We feel proud to have ONGC Videsh. I did my best to ensure India was part of the oil sector in the country. With CNPC and Petronas, OVL is producing from one of the biggest block there. Through these years, upstream and downstream operations have been carried out safely and successfully. A part of Sudan in the south chose to be separate. But after the separation, oil produced there has to pass through the north. We tried to negotiate with South Sudan for an agreement to ensure there was no interruption. We have to agree on the transit fee for allowing the passage of oil through Sudan. All facilities like pipelines, terminals and other infrastructure are in Sudan. Unfortunately, when we made the proposals, the other side came and said ‘no’, but oil was still being moved. This proposal is being supported by the African Union. We wanted to take the fee in kind until we reached an agreement. For one and half months, we took the fee in kind, but people in South Sudan shut the pipeline. That was a big mistake, since South Sudan relies entirely on oil revenue. That was a bad decision because it impacted companies. So, they came back for negotiations.
How important is the transit fee for Sudan?
Under the agreement, Sudan has already cut expenses. The agreement takes care of Sudan’s deficit for three years. With part of the oil in South Sudan unavailable to Sudan, there was a big deficit in our budget. That is now being taken care of in three ways. First, Sudan should cut expenditure. Second, a share should be paid by the government of South Sudan and third, a share would come from the international community.
With the South Sudan Parliament approving the agreement, how is Sudan planning to take this forward?
Sudan has also presented the agreement before parliament. We do not see any problem. All nine agreements should be implemented together to prevent any insecurity. A part of the charges is aimed at compensating Sudan, while the rest of the money is for transit.
OVL wants the fee to be lower from what is currently proposed.
South Sudan should pay $15 a barrel for three and a half years so that about $2 billion comes from it. We would cover the second share and the international community would pay $3 billion.

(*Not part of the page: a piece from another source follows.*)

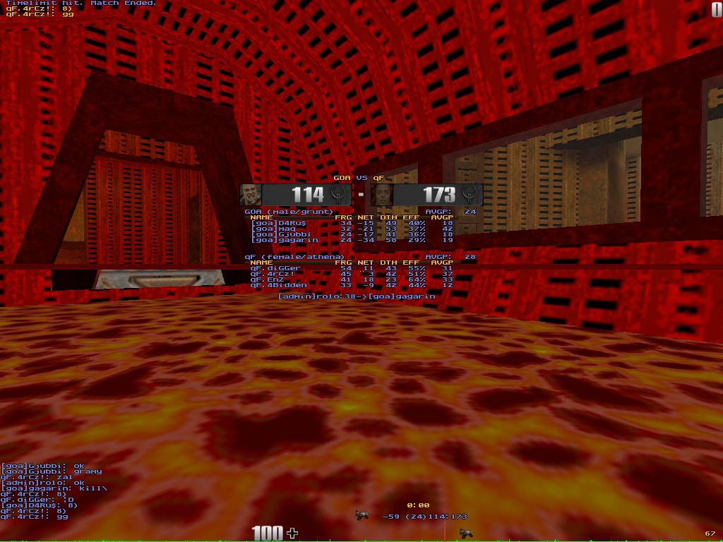 qF otarcie się o glorię na dm5 musiało srogo rozsierdzić, bo na dm3 już nie było zmiłuj. Od początku do końca gracze tommy'ego siedli na GOA i odbierając im oddech zostali tak już do końca. nie pomogły 2 penty gagarina. qF podzieliło się na dwie pary: Arczi i diGGer grali quada, a Enz i 4b rg. Obie grupki bardzo dobrze wywiązały się ze swojego zadania. Enz zjadł maq na rg (który swojądrogą jakoś długo się budził na dm3), a duet A+D na zmianę wynosząc q siał tęgie baty w każdym zakamarku dm3. Po przeciwnej stronie barykady wybijającą się postacią był Daruś, który dotkliwie kąsał Fanatyków po pęcinach, starając się wybić ich z rytmu. Dało to niestety nie wiele, bo chociaż po słabych pierwszych 10 minutach GOA obudziło się w końcu, to jednak qF byli już na bezpiecznym dystansie +40, który w najlepszym momencie Światłości zmalał do ~20 fragów. Ogólnie qF ownage i już.

Sudan has been accused of human rights violations. Besides, the civil strife has crippled the economy. Do you think the partition would help improve the situation?
The civil war started in 1954, before the British left the country. There were ups and downs all the time. Since 1997, we have been under sanctions. This government wanted to stop war. We wanted peace. Unfortunately, war is still going on, though it is confined to the southern border. The rebels are being defeated at the border and after that, they come for negotiations. We feel both sides should work for unity and peace. The impression of Sudan being engulfed in war and human rights violations has been created by the media that is pushing vested interests.
Your country is the only one to be partitioned in recent times. Seeing the experience of partition in India in 1947, do you think it is possible for both sides to attain peace?
We agreed to the partition to bring peace. South Sudan relies only on oil for economic development. Maybe in the future, they would realise this and come back to us.